In court papers filed Sunday, Fred Wilpon and Saul Katz said court appointed trustee Irving Picard had refused to share depositions that would help them clear their names, despite the point that they are cooperating in the case, they said, The New York Times reported Monday.
The owners are denying they had reason to suspect Ponzi scheme operator Bernard Madoff was engaged in fraud.
They also said they were not sophisticated investors who might have concluded on their own that Madoff, who is serving a 150-year prison sentence, was running a Ponzi scheme.

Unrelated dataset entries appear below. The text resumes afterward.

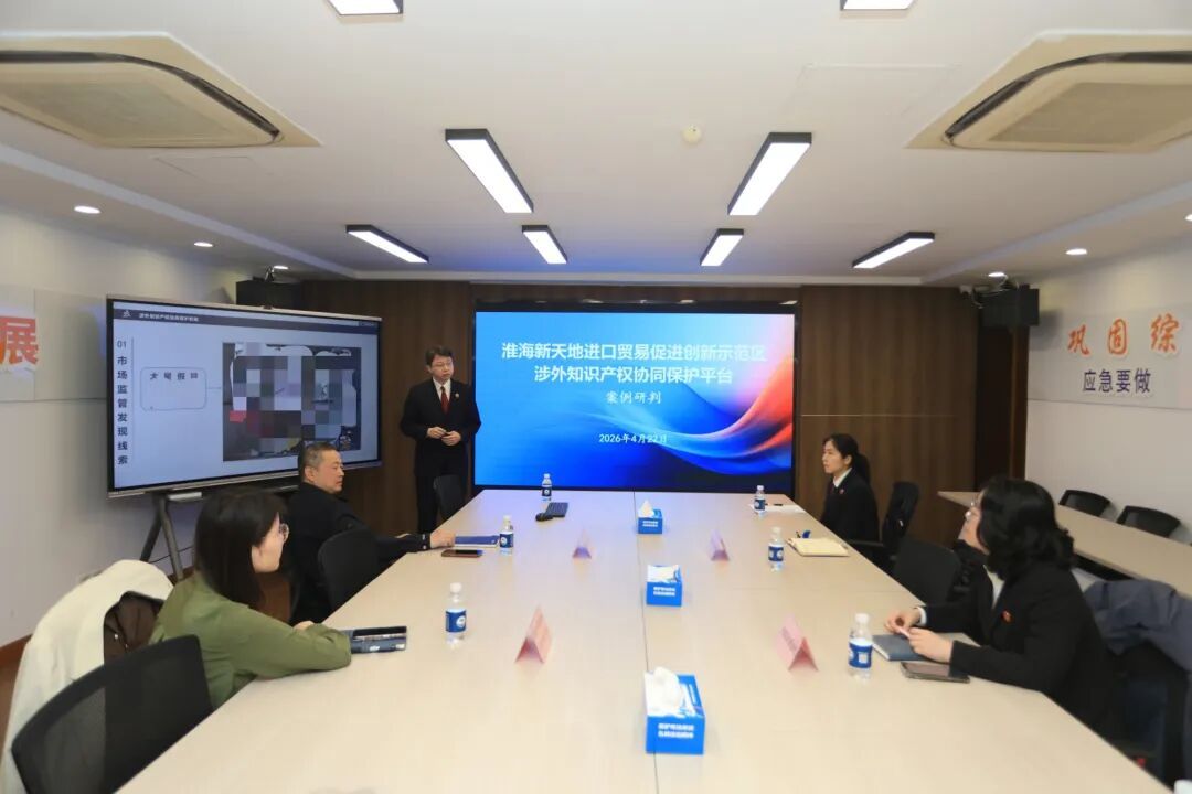 淮海中路街道综治中心作为前期试运行的平台枢纽,第一时间启动线索分流与联合响应机制:市场监管部门迅速固定现场证据,公安经侦力量精准锁定上游供货渠道,检察机关同步介入引导取证固证,法院就侵权认定与赔偿标准提供司法预判。各方联动下,仅用一个月便查获假冒品牌文创产品千余件,并对主要侵权人依法采取行政与刑事衔接措施。该案的高效办结,成为示范区涉外知识产权协同保护平台实战化运行的生动样本,也直接推动了《工作方案》的系统化出台。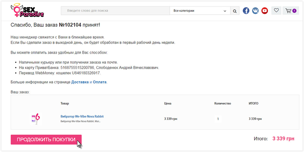 Чтобы вернуться в магазин, нажмите кнопку «ПРОДОЛЖИТЬ ПОКУПКИ».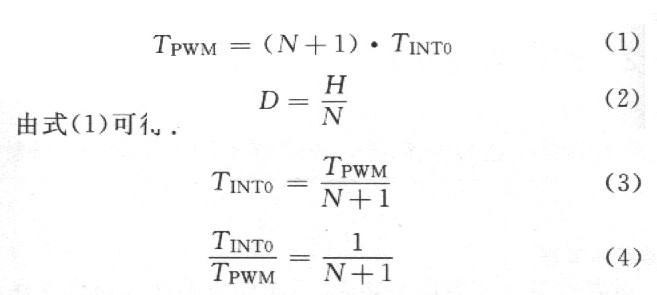 设外部计数时钟周期为TINT0,锯齿波周期(PWM脉冲周期)为TPWM,PWM脉冲宽度占空比为D,由图5可得出如下关系:

Picard, who is seeking about $1 billion from the Mets owners, contends that the chief investment strategist at their holding company Sterling Equities had told Wilpon and Katz in an email that Madoff's returns were "too good to be true."
That email from December 2008 was followed up by one from Peter Stamos, a business partner, who said hedge fund Sterling Stamos had suspicions about Madoff's firm.
However, Wilpon and Katz claim there is evidence to the contrary. Court papers claim partner Peter Stamos said he was "embarrassed to say that I said to Mr. Katz on a number of occasions that my assumption is that Mr. Madoff is the most honest and honorable man."